Please copy the data below exactly, from its first line through the line holding "Billede på glas", and skip the pictures.
--
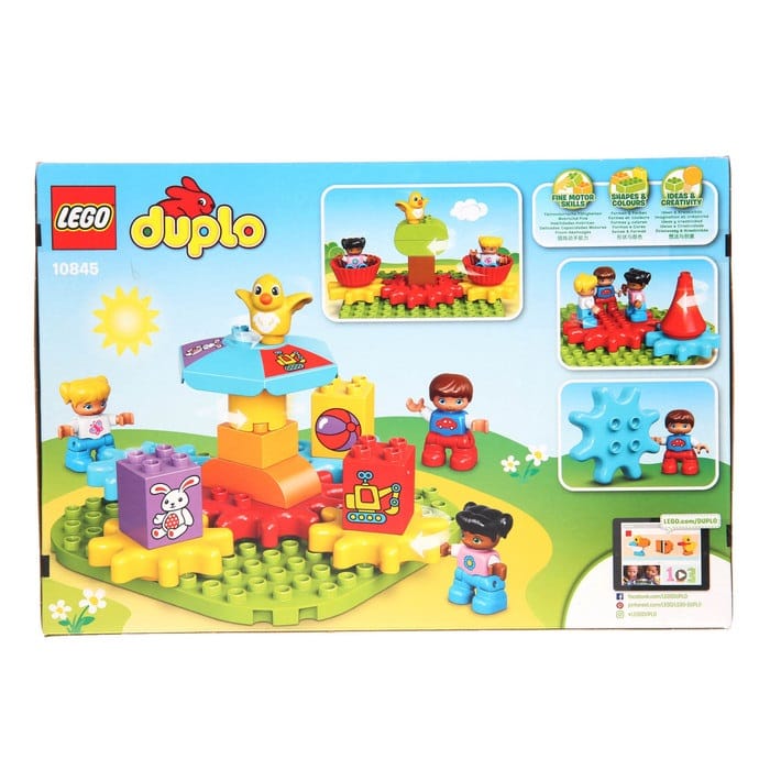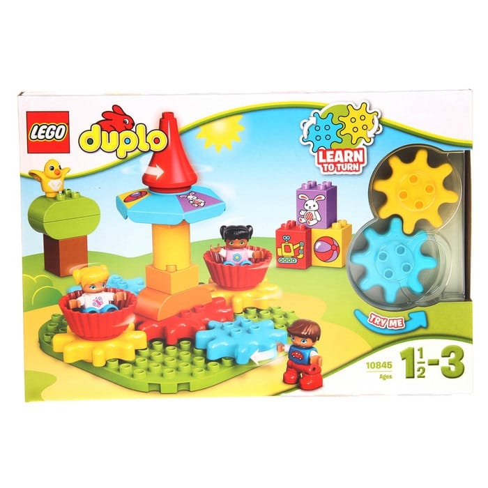 Объясните ребёнку работу простых механизмов вместе с Lego Duplo. Соберите с малышом карусель из цветных шестерёнок и покрутите красный шпиль аттракциона. Если конструкция построена правильно, то каждая кабинка закружится точно в танце.
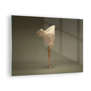 Billede på glas - En danser i en delikat positur med løftet slør - 70x50cm - Den er ved at flyve - Moderne vægdekoration til stue og soveværelse ARTTOR
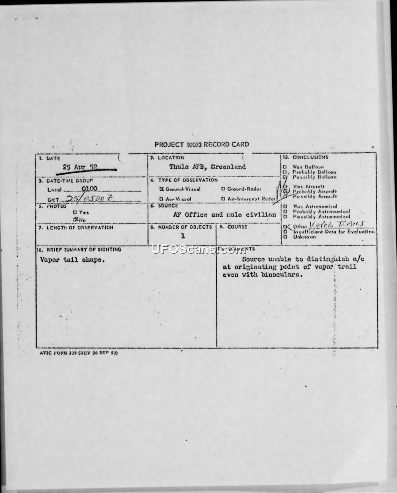 Project 10073 Record Card and Air Intelligence Information Report — Thule Air Base, Greenland, April 1952
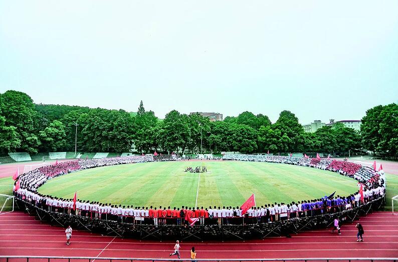 6月5日上午,华中师范大学为2018届本科毕业生拍摄毕业大合影。来自24个学院的4000余名本科毕业生,与学校领导、老师一起,围成近300米大圈,共同定格这一难忘时刻。据介绍,这张霸气毕业照洗印出来可长达8米,还启用了全景亿级像素相机和航拍无人机。这是该校自2014年以来,第5年为本科毕业生拍摄超大“全家福”。
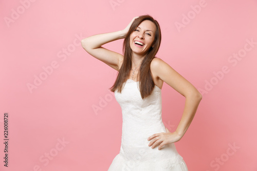 Portrait of laughing bride woman in beautiful white wedding dress standing and keeping hand near head isolated on pink pastel background. Wedding celebration concept. Copy space for advertisement.
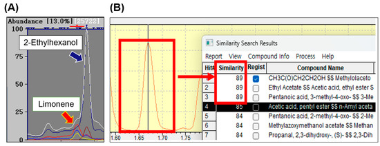Demonstration of the necessity of AMDIS. The figure displays a screenshot of AMDIS and GCMS Solution software during the analysis of actual strawberry VOC data. (A): Limonene remains obscured by 2-ethylhexanol if deconvolution is not performed. The white line represents the total ion chromatogram, while the colored solid lines represent various individual ion chromatograms. (B): The similarity search results for a single peak showing three compounds with identical similarity values, causing confusion in the identification. The red boxes display the target peak along with the mass library similarity scores for that peak.
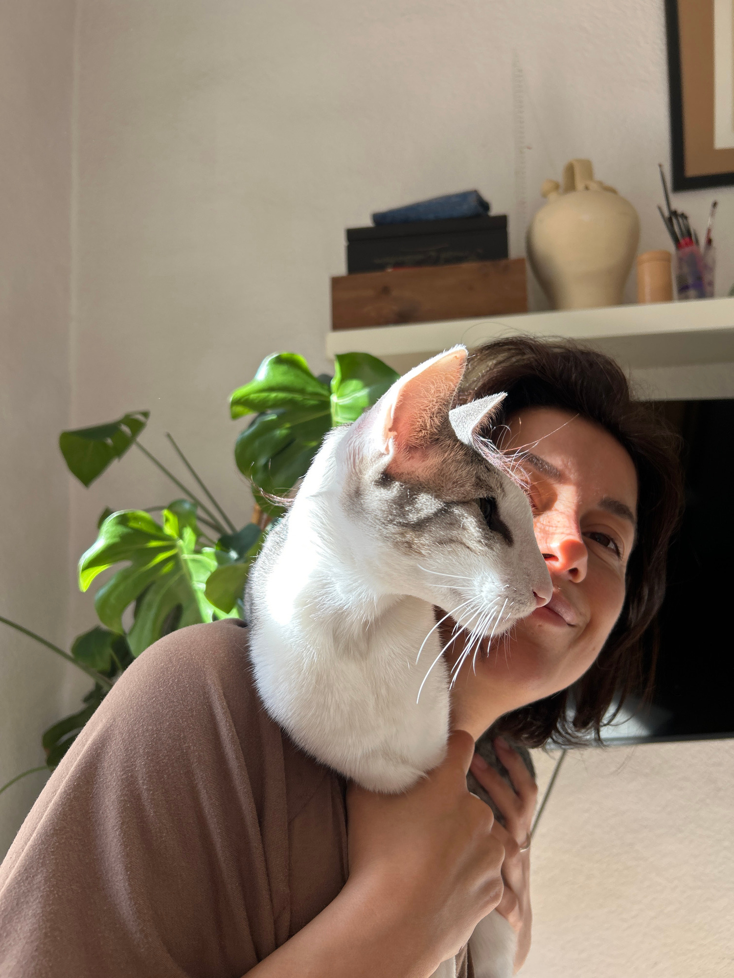 The image, taken in Barcelona, Spain, captures a tender moment between a woman and her cat from a low-angle perspective. The photo is rotated clockwise, giving an unusual orientation. The primary sub…read more
--
* _Response to the exercise_
 Объясните ребёнку работу простых механизмов вместе с Lego Duplo. Соберите с малышом карусель из цветных шестерёнок и покрутите красный шпиль аттракциона. Если конструкция построена правильно, то каждая кабинка закружится точно в танце.
 Billede på glas - En danser i en delikat positur med løftet slør - 70x50cm - Den er ved at flyve - Moderne vægdekoration til stue og soveværelse ARTTOR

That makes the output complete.